Mr. Fofana says he occasionally loses his catch when foreign trawlers tear through his nets, a fate many fishermen say they have experienced. Even the price of the dozens of buoys attached to the nets has increased.

“It just adds up, and up,” he said. “But what we catch out at sea, does not.”

Mr. Fofana grew up in Goderich, a buzzing wharf in western Freetown teeming with colorful wooden boats, market vendors selling poultry and fresh fish and children kicking balls around. The father of an 8-year-old boy, he has been fishing since he was a teenager and is one of the 500,000 people in Sierra Leone who depend on fishing for their livelihoods.

Fishermen across coastal Western Africa face similar challenges, according to Dr. Ifesinachi Okafor-Yarwood, a lecturer in sustainable development at the University of St. Andrews who has studied fishing communities in West Africa.

For the men who fish, and the women who process and sell the catch, only ice keeps fish sellable, whether in it is Sierra Leone, Ghana or Senegal, because refrigerators and ice containers are scarce.

“If women haven’t sold fish at the end of the day, they have to sell at the giveaway price,” Dr. Okafor-Yarwood said. “There’s so much food wastage because of the lack of preservation.”

Cyril Jengo, an economist based in Freetown, said making ice was costly in countries with regular power cuts like Sierra Leone. “If you use your generator, you face a high bill; if you don’t, you go out of business,” Mr. Jengo said.

“Ultimately, that cost is being passed on to customers.”

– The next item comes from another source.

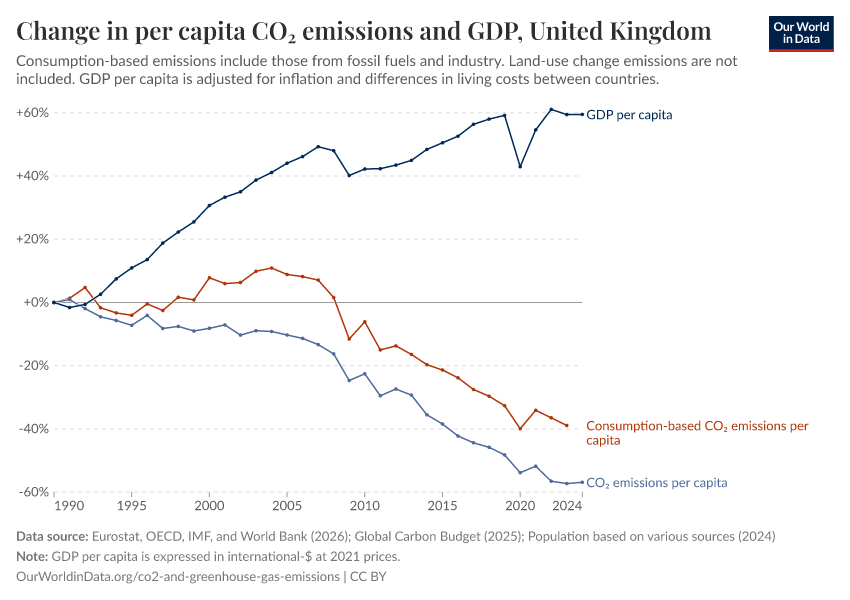 Hannah Ritchie (2021) - “Many countries have decoupled economic growth from CO₂ emissions, even if we take offshored production into account” Published online at OurWorldinData.org. Retrieved from: 'https://bespoke-viz-urb.owid.pages.dev:8789/20260304-094028/co2-gdp-decoupling.html' [Online Resource] (archived on March 4, 2026).BibTeX citation

Indeed, in Goderich, the price of fish has gone up 20 to 30 percent on average, but that is far less than the cost of most everything else the fishermen need.

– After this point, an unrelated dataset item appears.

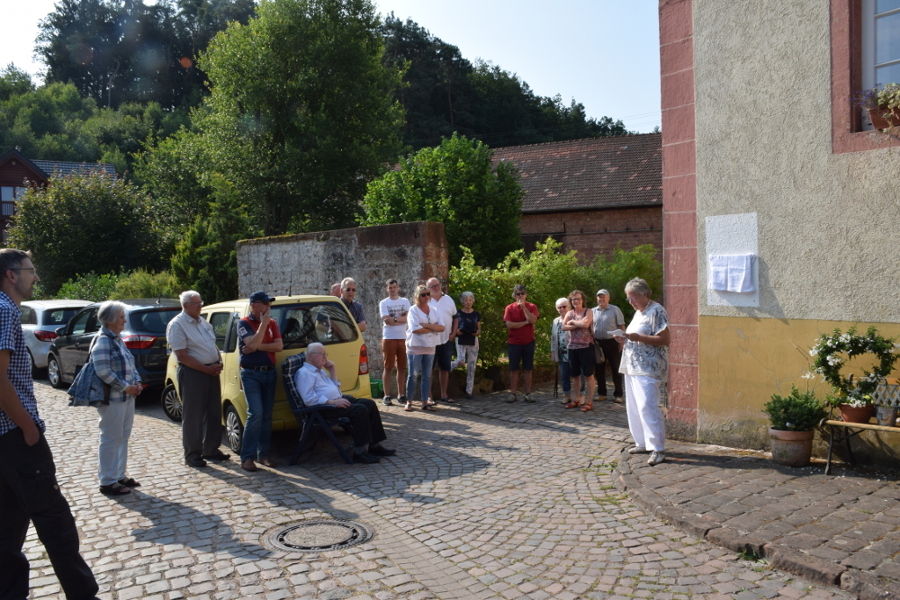 Am 14. Juli 2018 wurde an dem denkmalgeschützten, ehemals Würtz’schen Anwesen auf dem Münchhof, ein solches Täuferspurenschild von Frau Dr. Astrid von Schlachta, der Vorsitzenden des Mennonitischen Geschichtsvereins, und Frau Sibylla Hege-Bettac, Würtz-Nachfahrin in zehnter Generation, enthüllt. Für die Ortsgemeinde nahm ich gerne an der Feierstunde teil. „Je mehr etwas über die Vergangenheit eines Ortes ins Bewusstsein der Menschen gelangt, desto aufmerksamer werden sie für ihre Umgebung. Alles Alte schafft Identifikationsmöglichkeiten und Identifikation fördert das Engagement,“ so meine Überzeugung.

Such hardships have already prompted people to protest. This summer an unknown number of demonstrators died in protests over the rising cost of living in Freetown.

Sierra Leone’s central bank has removed three zeros from its bank notes, hoping to restore confidence in the currency and reduce the amount of paper money in circulation while keeping its value unchanged. But it has mostly sown confusion, with many Sierra Leoneans still pricing goods in the former currency, the Leone, which has lost more than 40 percent of its value against the dollar since September, 2021.

Mr. Fofana buys his ice from a nearby plant, and on a recent morning there a steady stream of sweaty deliverymen in sleeveless shirts piled up ice bags on wheelbarrows. While fishermen need it to store their catch at sea, fishmongers need it on land.

Earlier this year, a shipping container financed by the government of Iceland and designed to store fish, make ice and reduce the fishermen’s dependence on the local ice plant, was installed in Goderich. But until a nearby road is completed and water can reach the container, which sits a few hundred yards away from the docked boats, it remains a lukewarm box that doesn’t keep fish fresh for long, fishermen and fishmongers say.

When the local ice plant stopped functioning for a few days earlier this month, fishermen were forced to get ice from another plant a few miles away, a taxi trip that added to their ever-growing bills.

Joseph Johnson contributed reporting.